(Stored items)

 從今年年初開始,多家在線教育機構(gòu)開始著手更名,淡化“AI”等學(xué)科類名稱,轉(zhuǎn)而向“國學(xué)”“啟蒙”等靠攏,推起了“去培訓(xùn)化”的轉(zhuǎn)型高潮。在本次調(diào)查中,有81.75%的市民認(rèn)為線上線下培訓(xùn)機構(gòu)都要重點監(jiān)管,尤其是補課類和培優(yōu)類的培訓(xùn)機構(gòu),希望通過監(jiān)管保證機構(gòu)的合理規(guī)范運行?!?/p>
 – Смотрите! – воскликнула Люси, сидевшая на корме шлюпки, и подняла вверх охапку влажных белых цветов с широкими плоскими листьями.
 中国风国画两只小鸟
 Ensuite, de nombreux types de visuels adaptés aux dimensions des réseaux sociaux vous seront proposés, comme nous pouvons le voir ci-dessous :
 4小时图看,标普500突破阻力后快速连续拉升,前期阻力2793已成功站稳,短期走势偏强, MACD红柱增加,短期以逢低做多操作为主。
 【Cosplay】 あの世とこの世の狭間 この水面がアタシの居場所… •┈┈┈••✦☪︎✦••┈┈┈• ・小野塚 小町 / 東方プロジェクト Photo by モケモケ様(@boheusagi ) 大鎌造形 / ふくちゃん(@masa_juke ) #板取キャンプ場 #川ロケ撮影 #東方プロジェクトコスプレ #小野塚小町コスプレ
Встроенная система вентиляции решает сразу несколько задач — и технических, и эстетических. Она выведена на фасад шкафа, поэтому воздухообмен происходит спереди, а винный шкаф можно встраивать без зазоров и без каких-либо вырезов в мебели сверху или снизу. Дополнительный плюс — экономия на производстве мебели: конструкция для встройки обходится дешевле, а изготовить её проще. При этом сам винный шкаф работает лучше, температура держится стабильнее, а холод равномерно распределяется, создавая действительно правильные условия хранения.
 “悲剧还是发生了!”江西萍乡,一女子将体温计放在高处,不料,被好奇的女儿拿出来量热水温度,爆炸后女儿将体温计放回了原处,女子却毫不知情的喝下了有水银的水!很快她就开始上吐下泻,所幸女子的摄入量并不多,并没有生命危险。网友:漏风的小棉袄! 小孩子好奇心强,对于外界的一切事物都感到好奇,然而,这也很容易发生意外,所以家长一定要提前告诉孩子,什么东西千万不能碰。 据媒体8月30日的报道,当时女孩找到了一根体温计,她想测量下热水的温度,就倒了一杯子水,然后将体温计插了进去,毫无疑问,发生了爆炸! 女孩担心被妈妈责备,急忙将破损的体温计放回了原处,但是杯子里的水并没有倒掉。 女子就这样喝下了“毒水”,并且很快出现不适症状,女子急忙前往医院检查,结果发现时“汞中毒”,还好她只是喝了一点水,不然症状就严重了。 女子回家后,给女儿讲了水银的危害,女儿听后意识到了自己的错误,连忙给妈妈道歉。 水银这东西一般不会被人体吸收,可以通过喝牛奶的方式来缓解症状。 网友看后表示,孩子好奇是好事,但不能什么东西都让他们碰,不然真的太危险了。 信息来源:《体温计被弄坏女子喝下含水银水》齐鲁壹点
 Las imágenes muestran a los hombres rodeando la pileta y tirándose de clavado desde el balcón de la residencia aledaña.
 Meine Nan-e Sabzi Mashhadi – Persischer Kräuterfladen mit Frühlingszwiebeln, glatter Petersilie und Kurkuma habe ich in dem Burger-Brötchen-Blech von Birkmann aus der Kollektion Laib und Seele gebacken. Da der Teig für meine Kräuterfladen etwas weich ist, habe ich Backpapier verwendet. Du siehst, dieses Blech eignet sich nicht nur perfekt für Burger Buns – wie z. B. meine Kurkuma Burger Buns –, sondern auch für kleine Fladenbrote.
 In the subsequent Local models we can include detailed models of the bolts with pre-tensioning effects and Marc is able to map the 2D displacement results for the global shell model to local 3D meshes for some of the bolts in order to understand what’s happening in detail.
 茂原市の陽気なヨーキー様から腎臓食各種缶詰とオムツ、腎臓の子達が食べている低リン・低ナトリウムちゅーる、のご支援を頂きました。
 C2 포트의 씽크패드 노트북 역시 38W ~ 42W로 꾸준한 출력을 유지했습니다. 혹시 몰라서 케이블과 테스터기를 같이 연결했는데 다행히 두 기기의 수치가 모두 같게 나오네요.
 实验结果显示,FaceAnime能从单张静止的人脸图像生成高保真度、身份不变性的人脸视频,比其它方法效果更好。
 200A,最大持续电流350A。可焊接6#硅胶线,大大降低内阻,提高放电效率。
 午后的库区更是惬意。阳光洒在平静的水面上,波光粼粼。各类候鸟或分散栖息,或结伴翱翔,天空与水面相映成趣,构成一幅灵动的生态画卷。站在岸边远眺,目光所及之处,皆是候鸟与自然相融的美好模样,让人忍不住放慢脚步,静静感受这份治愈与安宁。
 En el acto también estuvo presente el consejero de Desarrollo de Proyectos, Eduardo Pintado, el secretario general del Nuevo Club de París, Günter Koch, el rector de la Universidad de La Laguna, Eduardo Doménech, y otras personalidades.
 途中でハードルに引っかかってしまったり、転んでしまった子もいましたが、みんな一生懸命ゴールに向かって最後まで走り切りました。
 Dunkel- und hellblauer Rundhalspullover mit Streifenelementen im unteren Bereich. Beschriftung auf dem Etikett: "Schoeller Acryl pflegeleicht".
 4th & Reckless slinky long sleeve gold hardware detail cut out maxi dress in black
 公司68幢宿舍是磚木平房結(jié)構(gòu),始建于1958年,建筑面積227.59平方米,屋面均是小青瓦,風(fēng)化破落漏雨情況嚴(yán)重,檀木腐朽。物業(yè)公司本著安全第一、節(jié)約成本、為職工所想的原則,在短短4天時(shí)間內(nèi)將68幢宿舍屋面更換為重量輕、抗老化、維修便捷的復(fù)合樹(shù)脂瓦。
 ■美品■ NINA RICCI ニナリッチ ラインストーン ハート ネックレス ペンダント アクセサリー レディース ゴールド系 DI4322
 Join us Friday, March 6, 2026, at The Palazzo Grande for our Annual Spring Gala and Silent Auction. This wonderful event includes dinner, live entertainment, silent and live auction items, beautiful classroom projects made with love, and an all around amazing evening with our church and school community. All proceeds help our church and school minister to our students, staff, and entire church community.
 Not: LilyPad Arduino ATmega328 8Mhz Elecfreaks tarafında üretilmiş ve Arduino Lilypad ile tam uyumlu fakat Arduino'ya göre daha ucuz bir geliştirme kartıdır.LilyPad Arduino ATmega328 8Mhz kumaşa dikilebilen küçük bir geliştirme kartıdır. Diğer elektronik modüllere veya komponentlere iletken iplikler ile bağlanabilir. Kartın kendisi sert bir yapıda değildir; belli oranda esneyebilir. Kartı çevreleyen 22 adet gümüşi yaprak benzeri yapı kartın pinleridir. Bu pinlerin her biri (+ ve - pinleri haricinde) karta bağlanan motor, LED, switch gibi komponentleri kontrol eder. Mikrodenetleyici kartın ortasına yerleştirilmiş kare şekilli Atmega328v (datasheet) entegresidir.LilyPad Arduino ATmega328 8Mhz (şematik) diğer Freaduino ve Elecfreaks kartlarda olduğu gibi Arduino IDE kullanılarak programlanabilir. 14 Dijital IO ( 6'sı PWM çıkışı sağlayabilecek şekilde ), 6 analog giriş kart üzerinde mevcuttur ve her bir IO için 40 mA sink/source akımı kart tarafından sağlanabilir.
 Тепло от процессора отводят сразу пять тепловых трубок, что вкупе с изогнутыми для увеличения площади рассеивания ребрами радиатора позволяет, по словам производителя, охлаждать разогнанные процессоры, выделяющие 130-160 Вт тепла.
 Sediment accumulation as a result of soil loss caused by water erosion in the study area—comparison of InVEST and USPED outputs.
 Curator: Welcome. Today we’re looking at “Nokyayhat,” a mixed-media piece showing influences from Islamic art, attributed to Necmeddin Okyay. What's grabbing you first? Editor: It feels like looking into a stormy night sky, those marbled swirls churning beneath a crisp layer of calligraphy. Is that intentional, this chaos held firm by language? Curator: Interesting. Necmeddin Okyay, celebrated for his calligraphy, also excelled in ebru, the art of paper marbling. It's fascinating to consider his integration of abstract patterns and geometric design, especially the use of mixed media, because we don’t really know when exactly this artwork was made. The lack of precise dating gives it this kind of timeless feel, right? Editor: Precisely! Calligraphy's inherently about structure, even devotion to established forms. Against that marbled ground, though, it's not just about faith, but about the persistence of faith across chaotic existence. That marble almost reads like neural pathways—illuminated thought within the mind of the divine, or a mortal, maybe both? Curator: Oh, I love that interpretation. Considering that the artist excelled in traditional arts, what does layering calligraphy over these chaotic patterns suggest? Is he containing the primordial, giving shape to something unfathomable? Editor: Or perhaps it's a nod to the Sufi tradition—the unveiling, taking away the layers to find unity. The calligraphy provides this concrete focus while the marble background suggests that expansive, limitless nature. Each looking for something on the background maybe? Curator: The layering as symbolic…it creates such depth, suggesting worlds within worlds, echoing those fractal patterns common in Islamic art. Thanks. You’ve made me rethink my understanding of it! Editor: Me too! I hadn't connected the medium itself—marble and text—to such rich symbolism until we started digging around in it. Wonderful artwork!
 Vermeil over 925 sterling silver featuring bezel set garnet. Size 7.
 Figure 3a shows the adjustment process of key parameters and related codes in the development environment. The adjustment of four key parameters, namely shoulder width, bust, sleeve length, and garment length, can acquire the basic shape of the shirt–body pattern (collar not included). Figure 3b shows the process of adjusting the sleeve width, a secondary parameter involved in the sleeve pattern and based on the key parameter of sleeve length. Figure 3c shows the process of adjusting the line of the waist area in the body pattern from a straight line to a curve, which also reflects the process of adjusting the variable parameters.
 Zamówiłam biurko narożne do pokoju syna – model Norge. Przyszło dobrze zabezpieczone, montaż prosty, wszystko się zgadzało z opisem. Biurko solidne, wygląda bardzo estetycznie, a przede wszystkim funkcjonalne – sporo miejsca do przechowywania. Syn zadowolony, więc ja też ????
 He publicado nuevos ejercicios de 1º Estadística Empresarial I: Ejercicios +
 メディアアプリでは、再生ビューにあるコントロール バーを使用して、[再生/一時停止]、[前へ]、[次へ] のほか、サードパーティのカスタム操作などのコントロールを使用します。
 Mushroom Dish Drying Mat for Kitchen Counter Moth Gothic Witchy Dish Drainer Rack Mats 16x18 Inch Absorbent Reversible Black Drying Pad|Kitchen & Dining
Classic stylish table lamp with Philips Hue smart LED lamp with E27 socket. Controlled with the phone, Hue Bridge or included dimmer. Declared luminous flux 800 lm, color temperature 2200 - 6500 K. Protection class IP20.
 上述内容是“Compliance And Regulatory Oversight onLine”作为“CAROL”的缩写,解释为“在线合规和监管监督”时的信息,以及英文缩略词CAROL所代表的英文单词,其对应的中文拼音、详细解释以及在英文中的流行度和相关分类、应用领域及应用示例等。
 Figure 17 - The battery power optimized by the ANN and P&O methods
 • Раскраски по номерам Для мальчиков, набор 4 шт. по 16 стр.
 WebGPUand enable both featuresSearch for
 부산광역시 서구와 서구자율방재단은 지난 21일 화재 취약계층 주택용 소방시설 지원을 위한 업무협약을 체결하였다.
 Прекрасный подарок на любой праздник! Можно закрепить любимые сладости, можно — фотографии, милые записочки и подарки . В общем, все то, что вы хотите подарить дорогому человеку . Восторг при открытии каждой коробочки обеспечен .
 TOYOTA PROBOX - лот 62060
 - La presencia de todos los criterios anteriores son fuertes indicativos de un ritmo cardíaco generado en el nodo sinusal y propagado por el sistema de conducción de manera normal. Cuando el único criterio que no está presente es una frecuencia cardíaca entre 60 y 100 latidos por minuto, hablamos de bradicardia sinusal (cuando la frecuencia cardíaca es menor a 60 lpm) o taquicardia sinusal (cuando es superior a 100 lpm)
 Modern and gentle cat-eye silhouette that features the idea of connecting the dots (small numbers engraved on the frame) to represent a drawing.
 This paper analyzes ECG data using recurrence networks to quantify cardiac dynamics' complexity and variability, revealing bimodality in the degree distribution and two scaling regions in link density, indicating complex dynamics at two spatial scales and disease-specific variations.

What to work on
Find the lines above holding the word "detail" and show them.

Result of the task
 In the subsequent Local models we can include detailed models of the bolts with pre-tensioning effects and Marc is able to map the 2D displacement results for the global shell model to local 3D meshes for some of the bolts in order to understand what’s happening in detail.
 4th & Reckless slinky long sleeve gold hardware detail cut out maxi dress in black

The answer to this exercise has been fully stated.